Data analysis should be reproducible, meaning: every step taken to manipulate, clean, transform, summarize, visualize or model data should be documented exactly so that results can be replicated. RMarkdown is a tool—or, specifically, a document type—for doing reproducible data science by keeping the code for a project together with the written analysis and interpretation.
This is an RMarkdown template that you can use for calculating answers to the project quiz questions for this module. You will also knit this document to HTML (or Word) and submit it for the File Upload assignment.
RMarkdown uses a very simple markup language. For example, rather than interacting with a menu to format the text, as in MS Word, you use simple code outside of the code chunks:
In the code chunk above (entitled “setup”) echo is set to TRUE. This means that the code in your chunks will be displayed, along with the results, in your compiled document.

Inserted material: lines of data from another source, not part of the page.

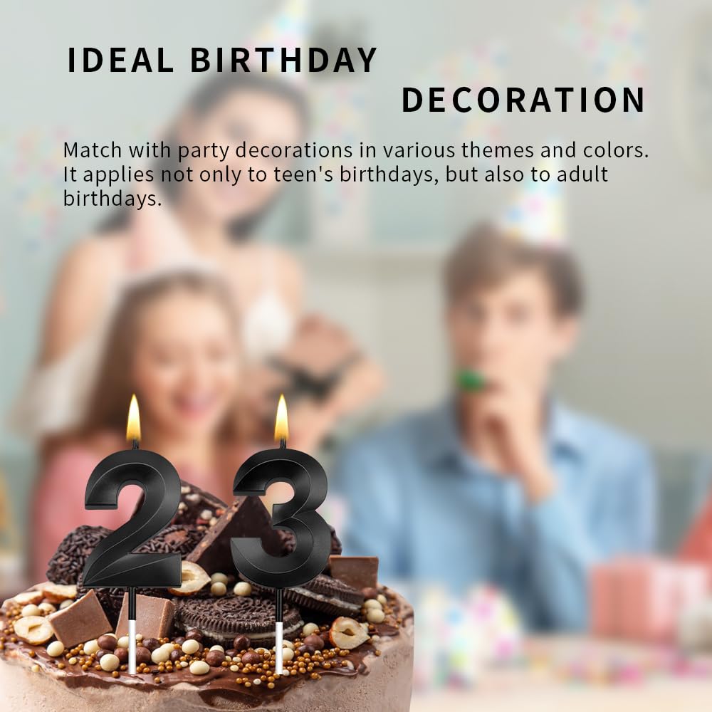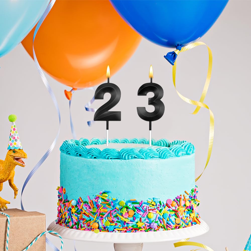3d Visual Sense Birthday Candles: Package contains 2 Pcs black birthday candles 23 including number 2 birthday candle and number 5 birthday candle. The 23 candles for cake is eye-catching and sparkling in the dark light, you can also use 23rd birthday candles to be beautiful cake decorations to embellish your cakes and cupcakes make your birthday cakes stand out, also you match these candles as 52th birthday cadles for women men. Every birthday need be document it whether young or old.
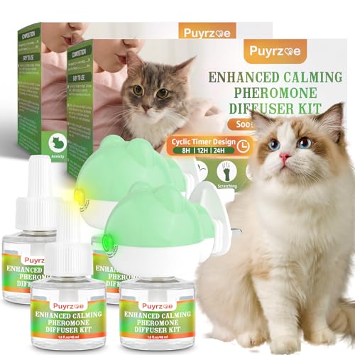 Puyrzoe Cat Calming Diffuser with Three Timing Functions, 6-IN-1 Cat Pheromones Calming Diffuser Kit, 120-Day Cat Calming Plug-in Support Anxiety, Stress, and Relaxation for Cats 2 Diffusers+4 Refills
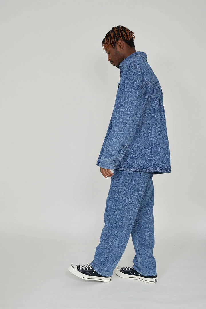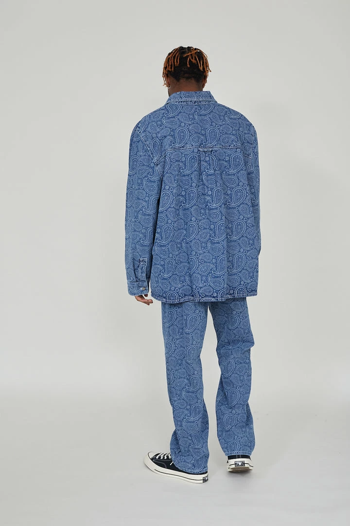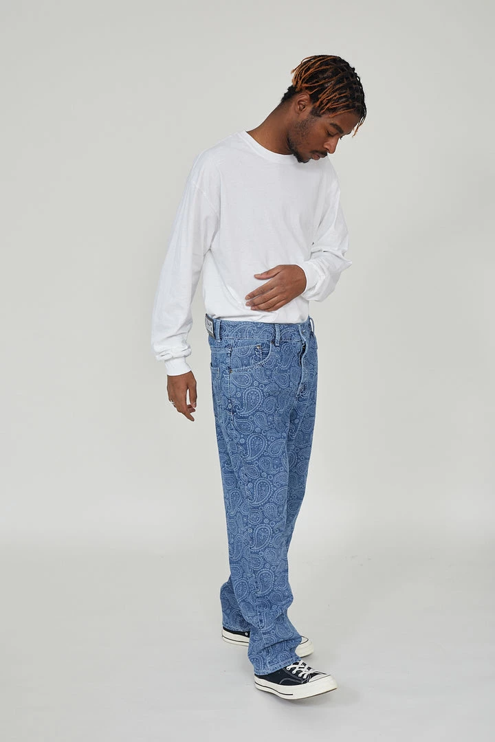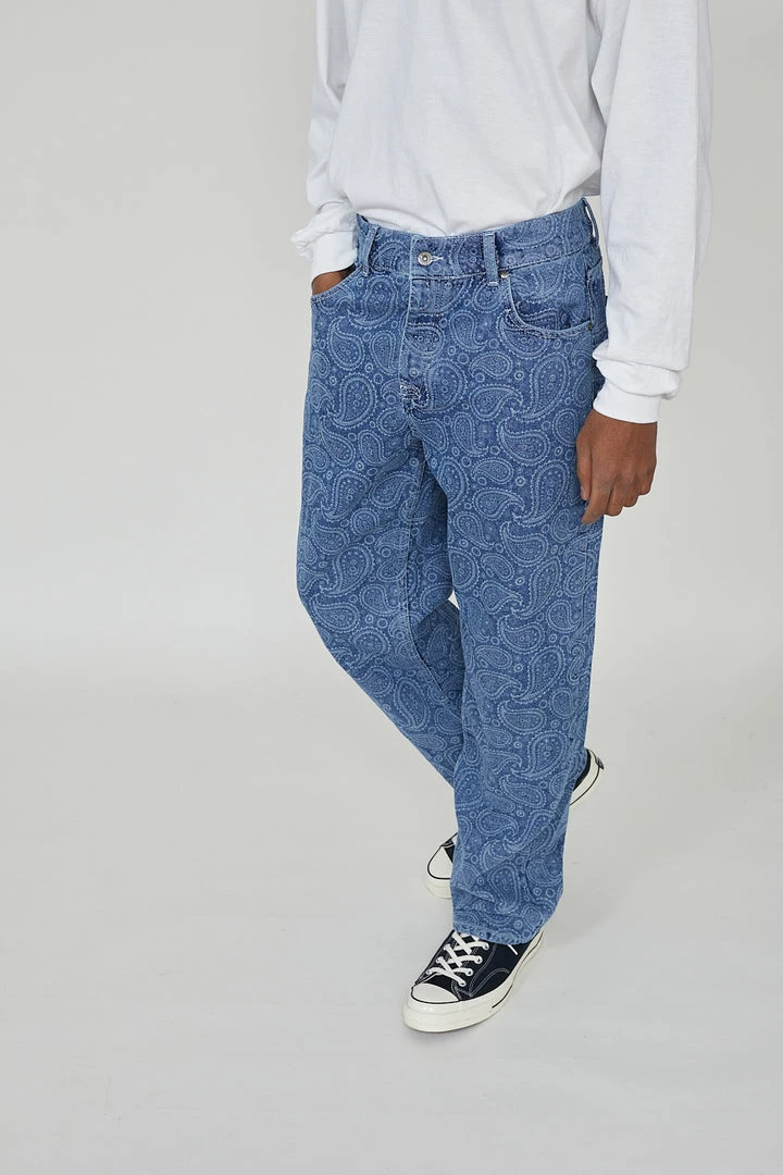 Ragged Jeans mens paisley laser cut mid wash denim jeans.

Below is code to clean and prepare the dataset for modeling. Before running that code, follow these preparatory steps:
Once the files are in the right location on your computer then run this code to clean and format the data:
# You must run this code to format the dataset properly!
advise_invest <- read_csv("adviseinvest.csv") %>% # Download data and save it (via assignment operator)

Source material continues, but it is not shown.